Sam Windett, Grey Sick, 2014 Oil on linen, 50 Ă— 35cm Courtesy the artist and The Approach, London


THE GRANTCHESTER POTTERY PAINTS THE STAGE...

The day of the Grantchester Pageant had arrived. A warm orange glow descended over the village church and shiny flecks on grey tombstones flickered in the last of the sunlight. Inside the church hall, members of The Grantchester Pottery were bustling around, making final touches to the scenography in which The Grantchester Theatrical Group would enact their latest performance that night.
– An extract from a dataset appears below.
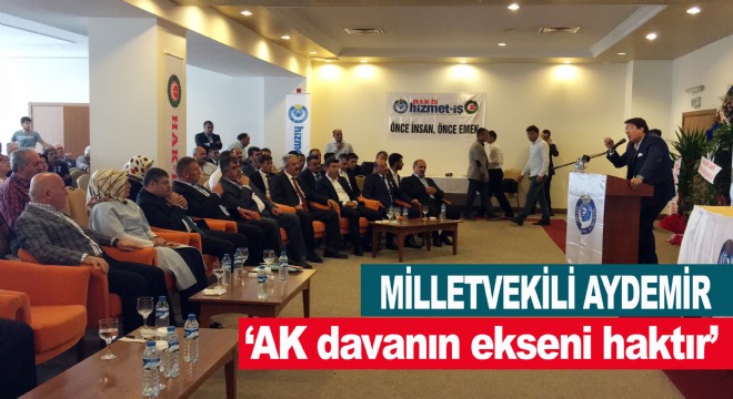 Daha sonra söz alan AK Parti Erzurum Milletvekili İbrahim Aydemir ise, bir sendikacıya ait olan “İçinde çalışma olmayan hayat suçtur” sözünden hareketle, çalışanların çok mübarek bir iş yaptıklarına vurgu yaparak, “sizler mübarek bir iş üzeresiniz. Bereket ifade eden, topluma katkı sunan değerli bir iş. Çalışan olmak, işçi sıfatını haiz bulunmak çok değerlidir. Çalışma hayatının her iki tarafını da tatmış birisi olarak şunu söyleyebilirim ki, karşılıklı hukukun gözetildiği zeminlerden fışkıran yegane kavram ilahi bereket oluyor. Aksi ise, negatif enerjinin bol kepçe dağıtıldığı, huzursuzluğun ayyuka çıktığı haller. “ değerlendirmesinde bulundu.

Giles stood with a paintbrush in one hand – handsome, hirsute and surly, dressed in crack-addict chic of acid green and zebra print – staring at a black painted screen rimmed with crimson. Beside him stood Phil: a sprightly urchin-like being, wearing a red beanie and hooded sweatshirt. Their old friend, Diane, loitered in the doorway, wearing leopard print leggings and a gold lamé moo moo, smoking a cigarette and pouffing her frizzy mass of golden hair. Flicking it over her shoulder, she dropped her cigarette onto the gravel below and crushed it using the toe of her wedge shoe, as she turned sharply on her heels and marched unrepentantly into the hall: “Giles! Phil! Darlings!” she shouted in a deep, husky voice... “It’s so gorgeous darlings!”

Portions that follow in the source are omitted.